— Вспомнил, — неожиданно сказал один из них, сказал негромко и озабоченно, словно про себя.
— Что ж такого ты мог вспомнить? — насмешливо спросил второй, воткнув в рот сигарету и доставая зажигалку. — Где твой хрен в последний раз побывал?..
— Где я его видел, — уже встревоженно отозвался первый.
— Ты можешь толком объяснить, что случилось?
Они вошли в гулкий полутемный тоннель, заполненный шумом множества шагов, голосов и грохотом медленно ползущего над головой поезда.
— Ты не заметил, что наш «клиент» у перехода с кем-то разговаривал?
Его собеседник равнодушно пожал плечами.
— Заметил, конечно. Только не обратил на него внимания — он нам не заказан. А что?

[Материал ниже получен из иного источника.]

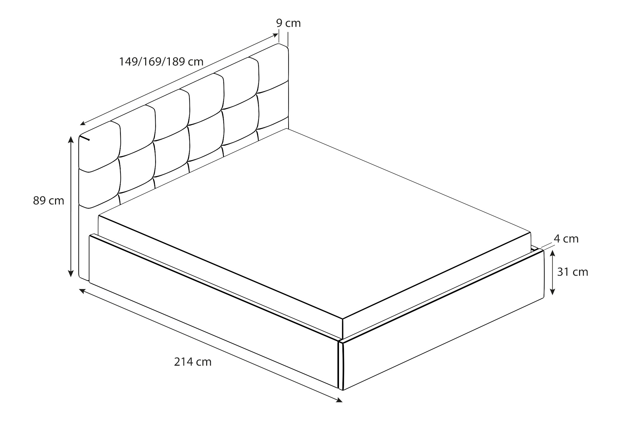 - Wysokość ramy łóżka: 31 cm
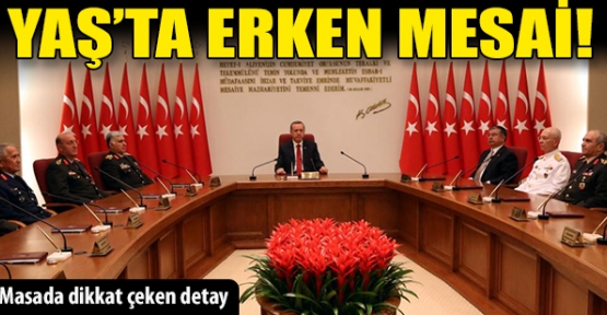 Saat 11.00’de başlaması beklenen toplantı saat 10.30’da başladı. Başbakan Erdoğan ve YAŞ üyeleri Anıtkabir’ i ziyaret ettikten sonra Genelkurmay Başkanlığı’na gelerek toplantının yapıldığı Çakmak Salonu’na geçti. Yüksek Askeri Şura (YAŞ) toplantısı 3 gün sürecek.Ramazan ayı nedeniyle geçen sene olduğu gibi masalarda herhangi bir içeceğin olmaması dikkat çekti.
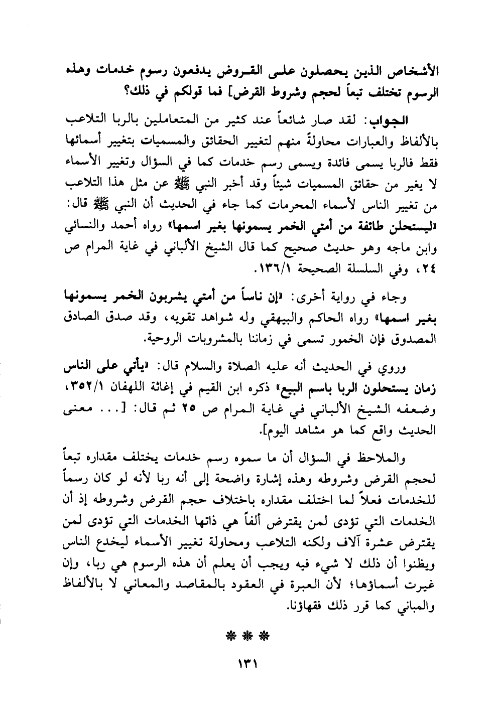 الجواب: لقد صار شائعاً عند كثير من المتعاملين بالربا التلاعب بالألفاظ والعبارات محاولةً منهم لتغيير الحقائق والمسميات بتغيير أسمائها فقط فالربا يسمى فائدة ويسمى رسم خدمات كما في السؤال وتغيير الأسماء لا يغير من حقائق المسميات شيئاً وقد أخبر النبي - صلى الله عليه وسلم - عن مثل هذا التلاعب من تغيير الناس لأسماء المحرمات كما جاء في الحديث أن النبي - صلى الله عليه وسلم - قال: (ليستحلن طائفة من أمتي الخمر يسمونها بغير اسمها) رواه أحمد والنسائي وابن ماجة وهو حديث صحيح كما قال الشيخ الألباني في غاية المرام ص 24، وفي السلسلة الصحيحة 1/ 136.
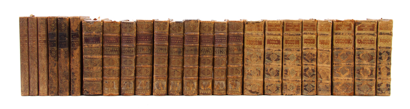 A group of 24 books in five sets, comprising Histoire de Constantinople depuis le regne de l'ancien Justin, jusqu'a la fin de l'empire. Paris: Damien Foucault, 1685. 8 (of 10) vols. only. Iac. Aug. Thuani Histori Arum. Paris: s.n., 1604. 9 vols. Das Dekameron. By Giovanni di Boccacio. Leipzig: Insel, 1912. 3 vols. Lettres du Baron de Busbec. Paris: Claude Jean-Baptiste Bauche, 1748. 3 vols. Theophylacti Bulgariae Archiepiscopi... Paris: Iacobum Bogardum, 1548.
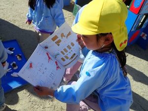 なんと!園児の中で、その絵本を見て実際に魚や釣竿を作って持ってきてくれた子がいました!

— Я вспомнил, где его видел, — мрачно повторил первый. — Это «следак-важняк», он Барабаса брал[2].
— Да ты что?!
Воскликнувший настолько резко остановился, что на него сзади кто-то налетел и грубо обругал. В другой раз боевик не оставил бы такое поведение безнаказанным, но теперь было не до мелочей.
— Ты уверен?
Они стояли посреди перехода, толпа, толкая и матеря, обтекала их с обеих сторон.
— Уверен, — по-прежнему мрачно ответил первый. — Я его тогда вот так, как тебя сейчас, видел. Боялся, чтобы и меня не замели…

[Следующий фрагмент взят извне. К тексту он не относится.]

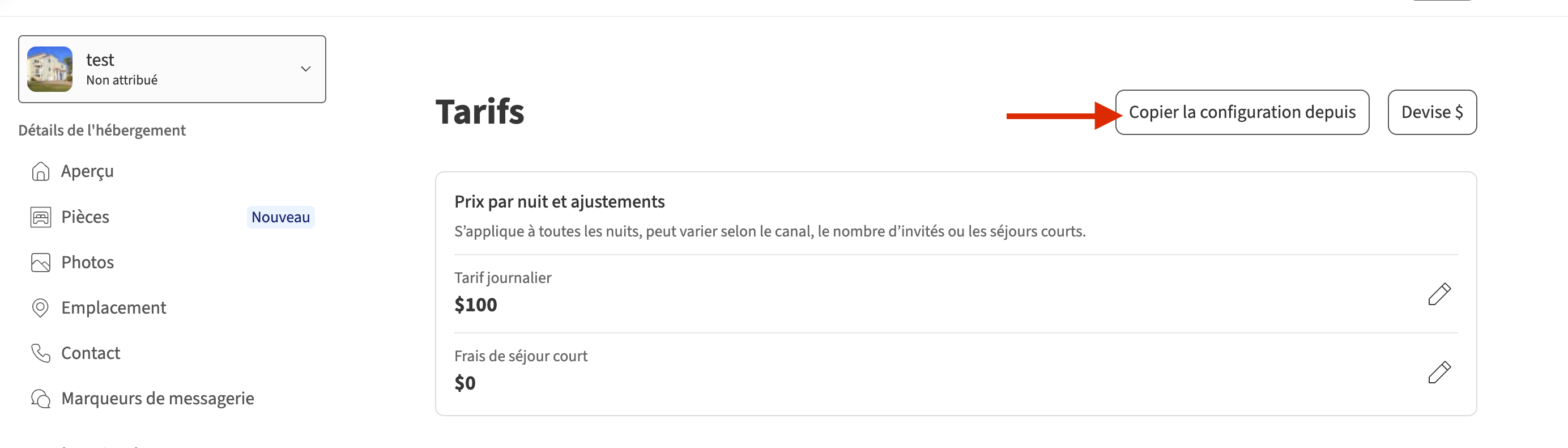 Si vous avez plusieurs hébergements et que vous souhaitez appliquer les mêmes paramètres de réservation, vous pouvez utiliser la fonction Copier la configuration. Cette fonctionnalité vous permet d'importer les prix, frais et taxes d’un autre hébergement, ce qui vous fait gagner beaucoup de temps lors de la configuration.
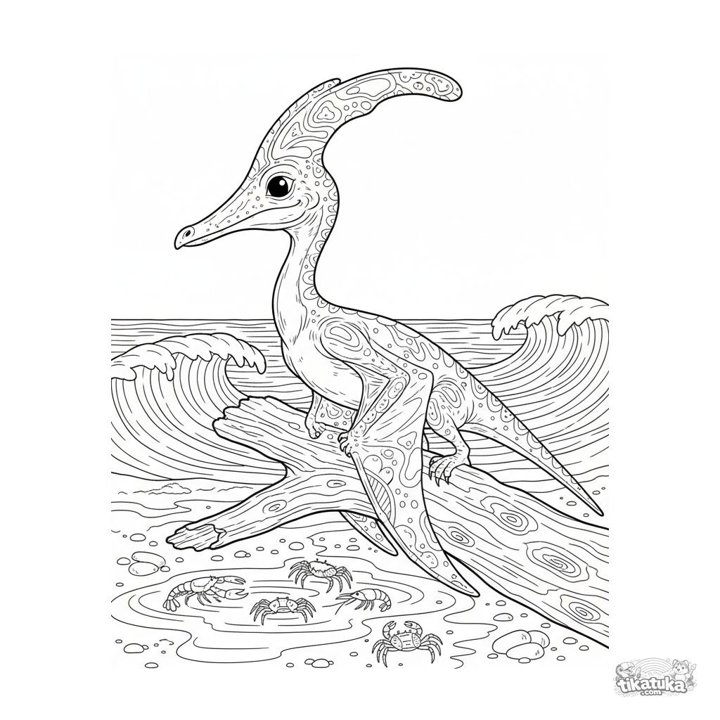 Página para colorear para 10-12 años: un pterosaurio con alas correosas posado en madera a la deriva en una playa antigua, observando la vida en una charca de marea.

— Дела-а… — протянул второй. — И что же будем делать?
— Не знаю… Доложим. А там пусть наши боссы решают… В конце концов, нам было дано одно, вполне конкретное задание… — он оглянулся по сторонами закончил:- И мы его выполнили.
— Ты прав.
Они оба направились дальше. На стоянке у выхода из тоннеля их ждала припаркованная напротив торгового центра серебристая "мазда".
Уже тронувшись с места, водитель сказал немного неловко:
— Слышь, Серый, ты про этого следователя шефу сам доложишь? Да?
— Да уж… — с досадой отозвался Серый.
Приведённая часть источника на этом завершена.